All life causes harm, but my thoughts around making justice an inherent part of relationship, had everything to do with my own desire to reduce the harm I cause. Red spoke of beetles accidentally squashed.  I mostly walk and cycle. I stop for beetles. No doubt I squish a few, but it’s not a bad example, the intent and effort to avoid causing harm is, for me at least, a recognition of the injustice that would be inherent in my killing something by not paying attention. No matter how hard we try, we will cause harm, but the more attention we pay, the less accidental, needless, pointless, careless harm-causing there should be. I think it’s got to be worth a shot.

 

But where there is no relationship outside of the harm-causing event, I do think community action, authoritative intervention is called for. Every three days a woman is killed by her abusive partner. Every ten days a child is killed by an abusive parent – and that doesn’t count death by neglect, that’s just murder figures. Relationships they could manage? I doubt the children had much say in it. Numbers for child murders by postnatally depressed women have been radically reduced by support and medication.
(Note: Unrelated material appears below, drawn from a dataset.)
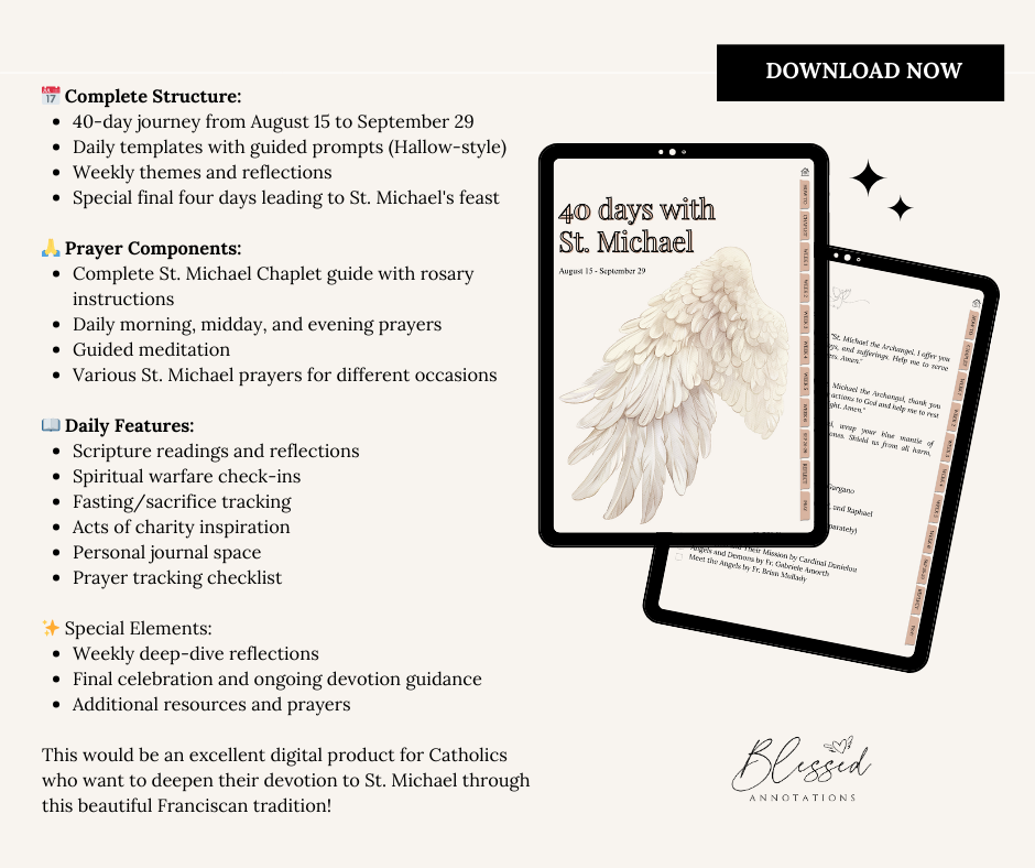 Step into the beautiful Franciscan tradition of St. Michael's Lentβa 40-day period of prayer, fasting, and spiritual preparation that mirrors the devotion of St. Francis of Assisi himself. This comprehensive digital planner guides you through each sacred day from the Feast of the Assumption to the glorious celebration of St. Michael the Archangel.
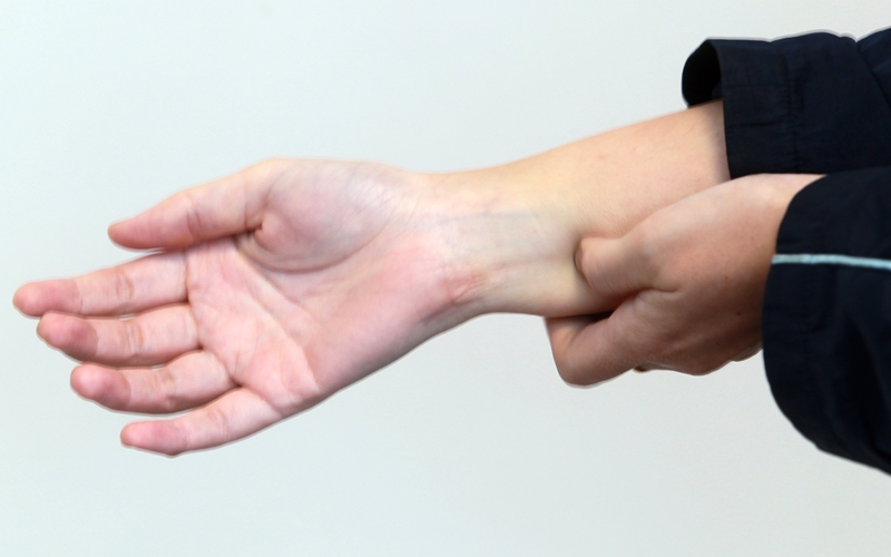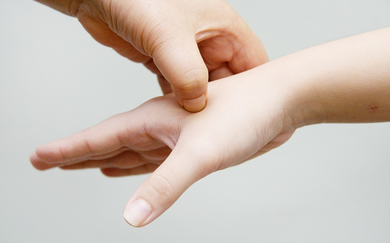 操作:用对侧拇指按在穴位上,朝小指方向均匀地用力指压,每次按摩5到10分钟。

I feel I have a duty to support a system that in any way tries to prevent that kind of thing from happening in the first place. That kind of justice – preventative justice – is increasingly part of how I understand my druid path. That’s not about individual relationship, but about whole community relationship and how we support each other. With so many people involved, we have no hope of doing that without some degree of structure. I believe we should hold a degree of responsibility for each other’s wellbeing. And yes, this is justice by humans and for humans. That which is human is also natural and we are not the only creatures able to reward or punish each other.

 

Tom pointed out to me that culturally we tend to view things in terms of success and failure, and that this impacts on our understanding of justice too. I am a clever person, I know this because I have lots of money and have never been a victim of crime. Victims are too naïve to protect themselves, bring it upon themselves, or are stupid. Take 2: I am successful because I have earned  lots of money off the backs of other people’s work. I am cleverer than them and therefore entitled. Take 3: I am successful, I have a lot of money because I have miss-sold a lot of products and gambled with other people’s savings, and thank you, yes I will take that bonus this year as well. Take: 4 I am successful because last night I broke into your house and stole all your valuable electrical goods, and I am too smart to be caught by the police.

 

We are so quick to blame the victims for not doing enough to protect themselves from crime. We are willing to see it as predators and prey, as it being natural to predate. The weak are fair game, because they are weak. Success is all about the bank balance, not about being a good human being. And until we’ve tackled that, as a whole culture, it’s going to remain very hard to think about justice at all.